- Instructions to follow -
Print, word for word, the opening line of the data below and every line after it through the line that contains "Potrivit prognozei de", but not the pictures.

- Source material -
* * * * *
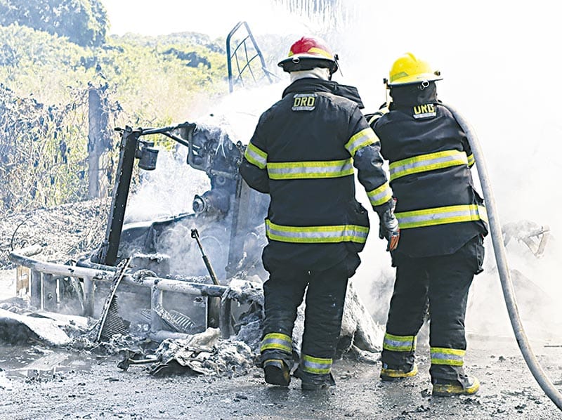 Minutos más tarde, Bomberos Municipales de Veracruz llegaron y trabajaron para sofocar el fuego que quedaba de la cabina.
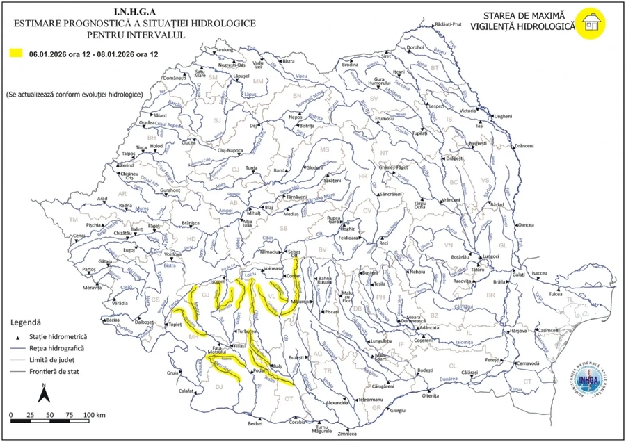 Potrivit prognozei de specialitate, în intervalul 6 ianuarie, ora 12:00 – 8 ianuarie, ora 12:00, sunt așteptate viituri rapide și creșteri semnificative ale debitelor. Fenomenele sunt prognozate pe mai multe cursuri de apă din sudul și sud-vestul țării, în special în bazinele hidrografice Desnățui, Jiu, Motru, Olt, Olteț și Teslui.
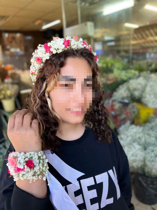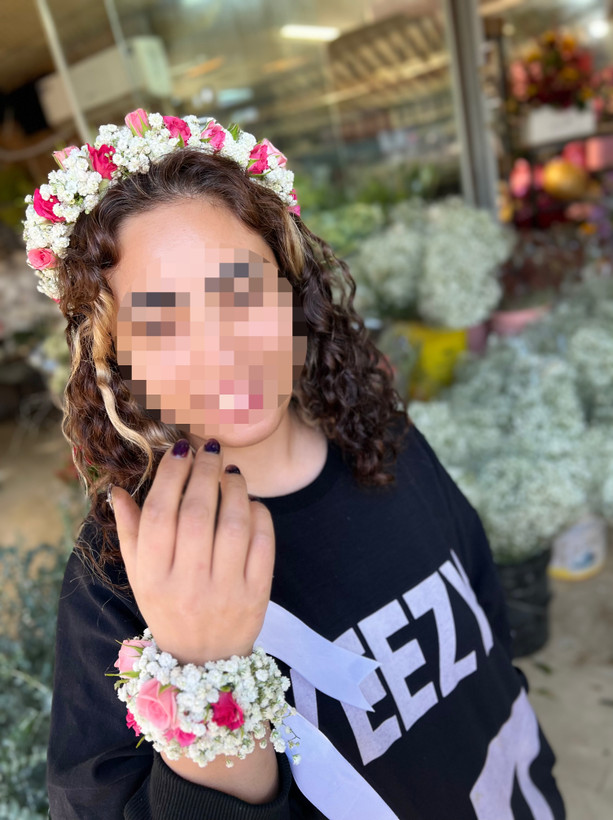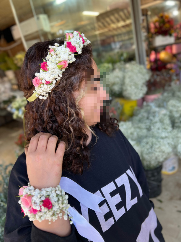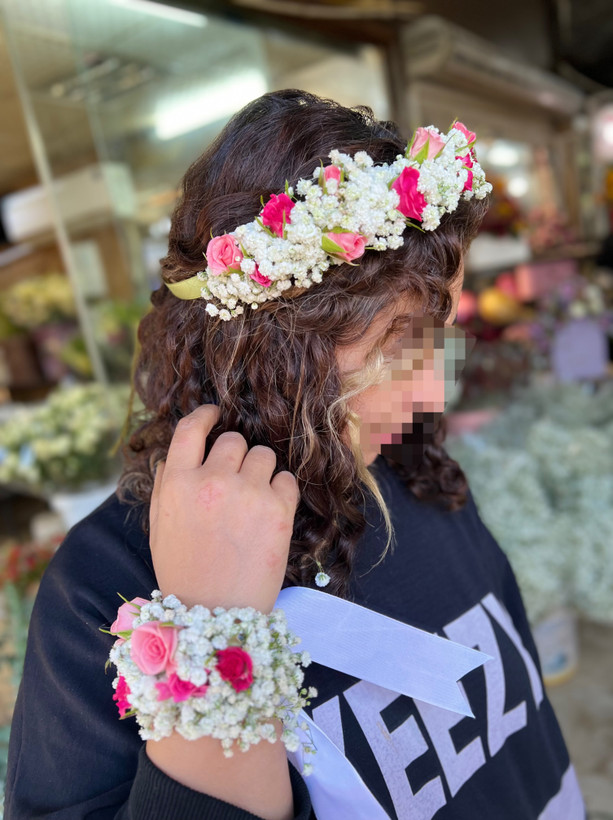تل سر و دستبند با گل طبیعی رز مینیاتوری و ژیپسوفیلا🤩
* * * * *
- Response to this exercise -
 Minutos más tarde, Bomberos Municipales de Veracruz llegaron y trabajaron para sofocar el fuego que quedaba de la cabina.
 Potrivit prognozei de specialitate, în intervalul 6 ianuarie, ora 12:00 – 8 ianuarie, ora 12:00, sunt așteptate viituri rapide și creșteri semnificative ale debitelor. Fenomenele sunt prognozate pe mai multe cursuri de apă din sudul și sud-vestul țării, în special în bazinele hidrografice Desnățui, Jiu, Motru, Olt, Olteț și Teslui.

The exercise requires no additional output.